# Wifi tethering icon



## Wishsong (Sep 16, 2011)

I have a D2 global. After the latest update, in which i stupidly forgot to unroot, i had a few problems with wifi tethering and rerooting. I got the root problem fixed by using Pete's on click method with xp and 2 hard reboots. Barnacle and Open Garden were not working at all after the root said i didnt have permission so i used the adb method and got the # instead of the $, which i first had, then i did the last step of Pete's method. Started Open Garden and of course took me to verizon sign up page. Also the wifi tethering hotspot icon came up in notification bar on phone. Also the browser on phone was locked into the verizon signup page and couldn't navigate away from it. All i did was clear the cache on the phone for the whole phone and now i can wifi tether and no verizon web page.
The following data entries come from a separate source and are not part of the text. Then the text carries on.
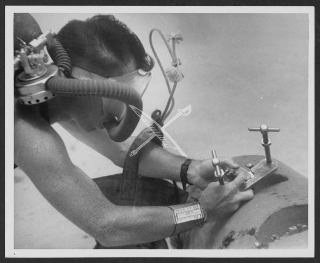 35 mm shots of men working underwater at Key West, Fla., Explosive Ordnance Team (EOD) man disarms influence mine for a training film.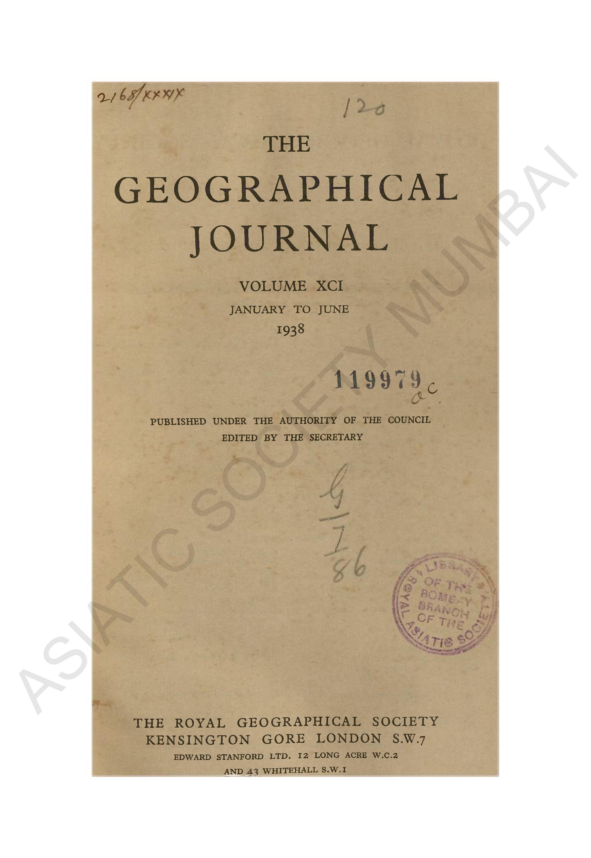 Geographical Journal. Vol. XCI. - January to June, 1938.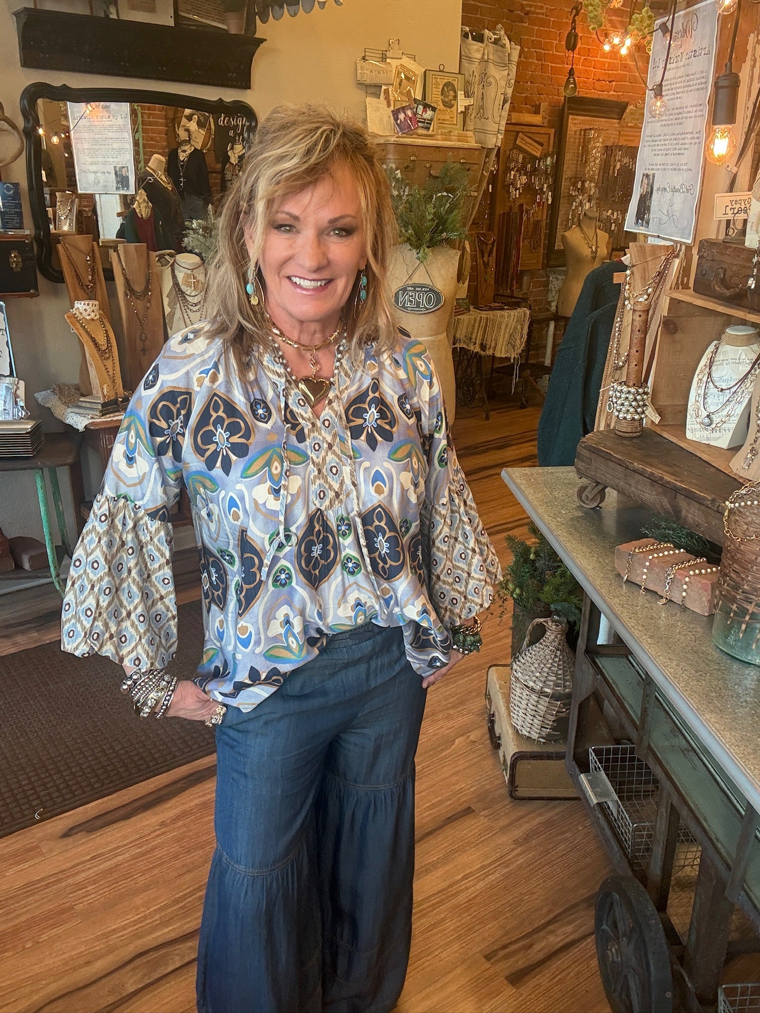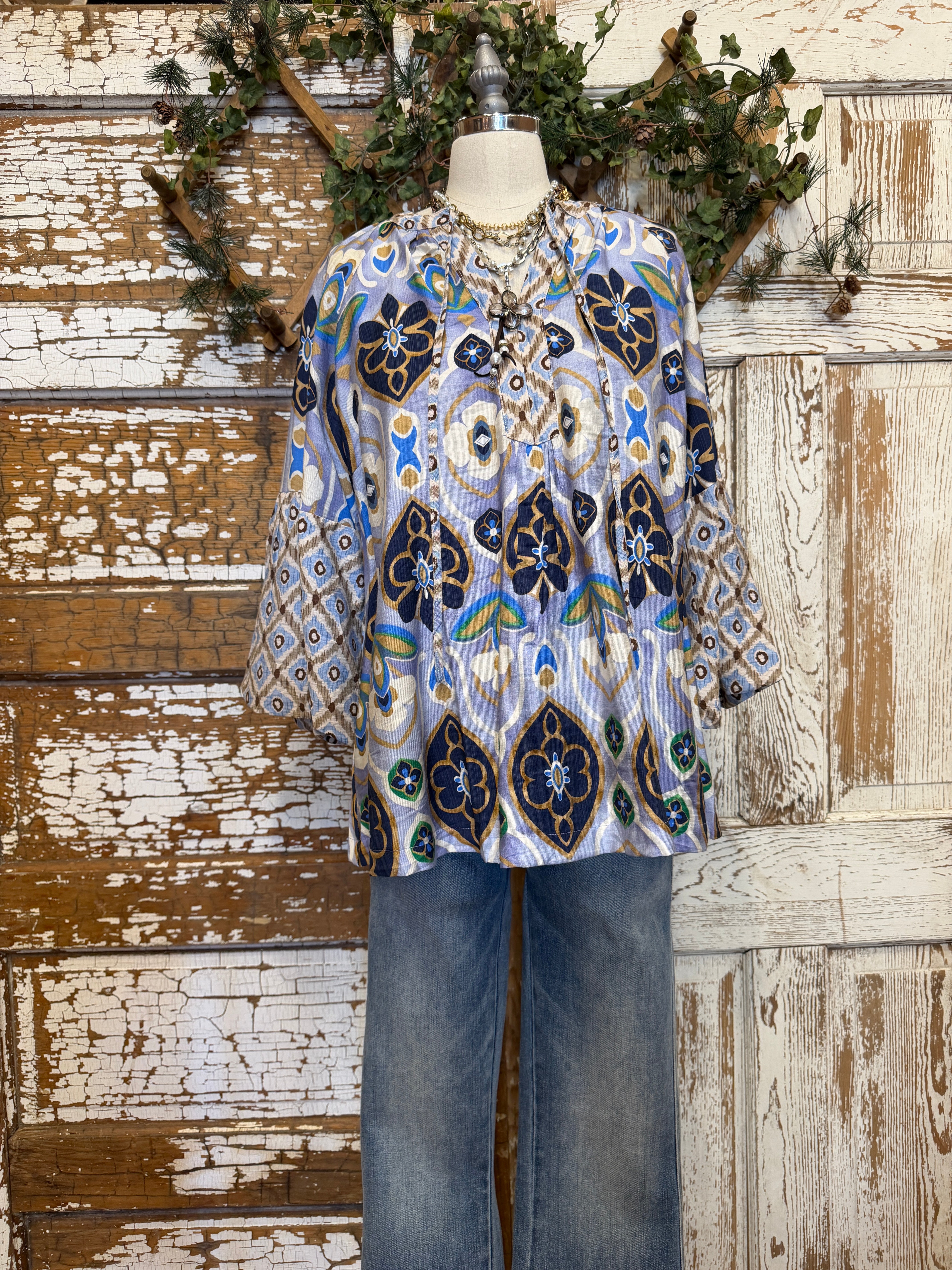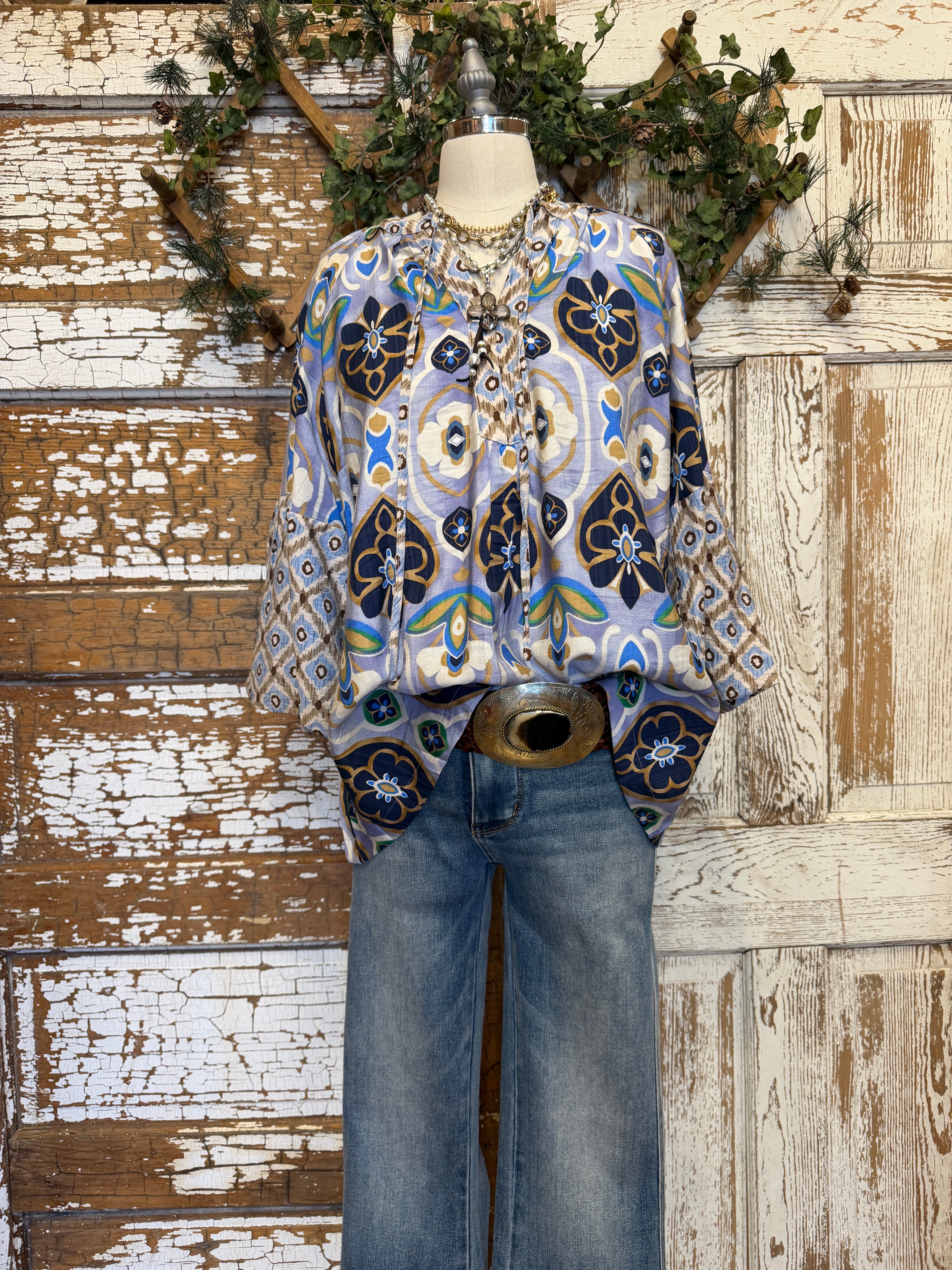 Boho Blue Medallion Printed Top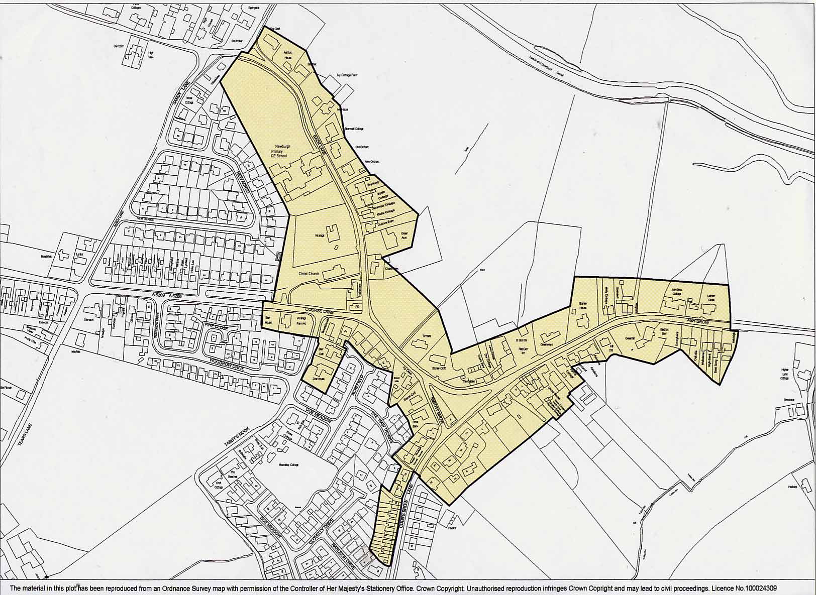 Christ Church and Newburgh Church of England School, at the north end of the Conservation Area, are set within the largest open space. The Green is the only other public open space. It is on the side of the ridge on which the village sits, close to the highest point.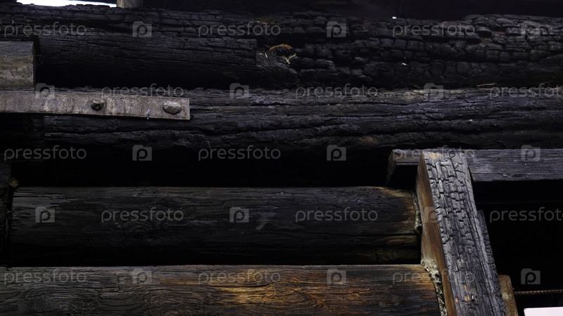 Сожженный дом.Стоп кадров.Сожженные деревянные бревна черного цвета.Высококачественная запись 4k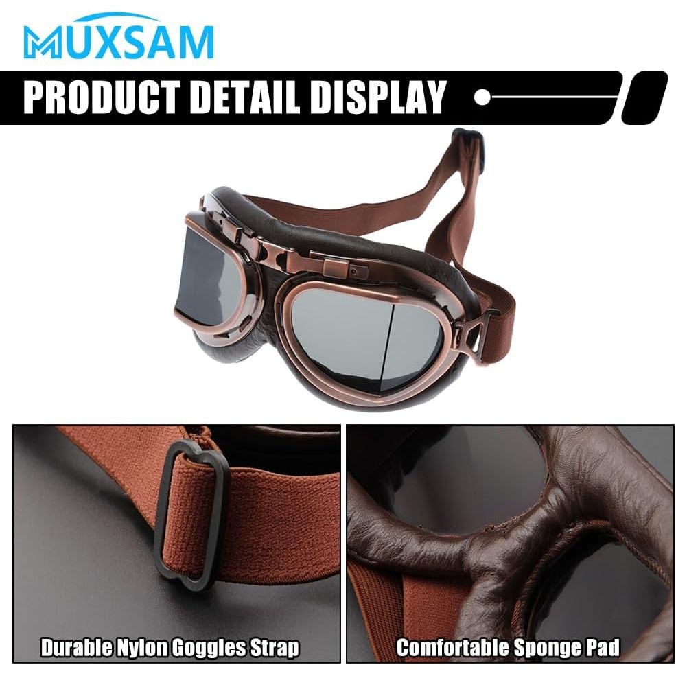 - MUXSAM Vintage Motorcycle Goggles, ATV Motocross Goggles, Dirt Bike Racing Riding Off Road Scooter Glasses, Windproof Dustproof Eyewear for Adults Men Women, Copper Frame Smoke Lens

Sorry for the background but my question is the wifi tether hotspot icon is still coming up on notification bar and no way to know if i'm being charged extra and no way to stop that icon from showing up tho open garden still working. Barnacle is not working it does all its programed to do, but laptop wireless won't connect to it anymore. Again sorry for long post i have read other forum post but didn't see anything on the icon showing up. Thanks for the advice and help.


----------



## Blunderbuss (Aug 24, 2011)

What update are you on? The leaked .607? And Open Garden radio tether is working without doing an NVRAM hack? This seems weird to me...I thought a radio hack was still necessary for the stock roms


----------



## Wishsong (Sep 16, 2011)

I'm using 4.5.607.a956 us version. I only did the rooting when first got phone 2 months ago with z4. I haven't done a NVRAM hack because i don't know what that is.


----------



## audinutt (Jul 1, 2011)

I am betting your tether will stop working very soon, mine worked for about 24 hrs then stopped, then I did the nvhack


----------



## daxxone (Jul 29, 2011)

The nv hack is simple programming for a cdma qualcomm chip. Androids have a special memory slot for tethering. Makes sure you run Wifi tether through a 'dun' server, where your service provider can monitor your usage. The 'hack' removes all 'dun' from memory and has the tether (usb, bt, or Wifi) run from your standard data, 3g and 4g ( I tested this on the htc 4g shift on sprint ). If you get it forced, w/out the hack your carrier can see it and may charge you.


----------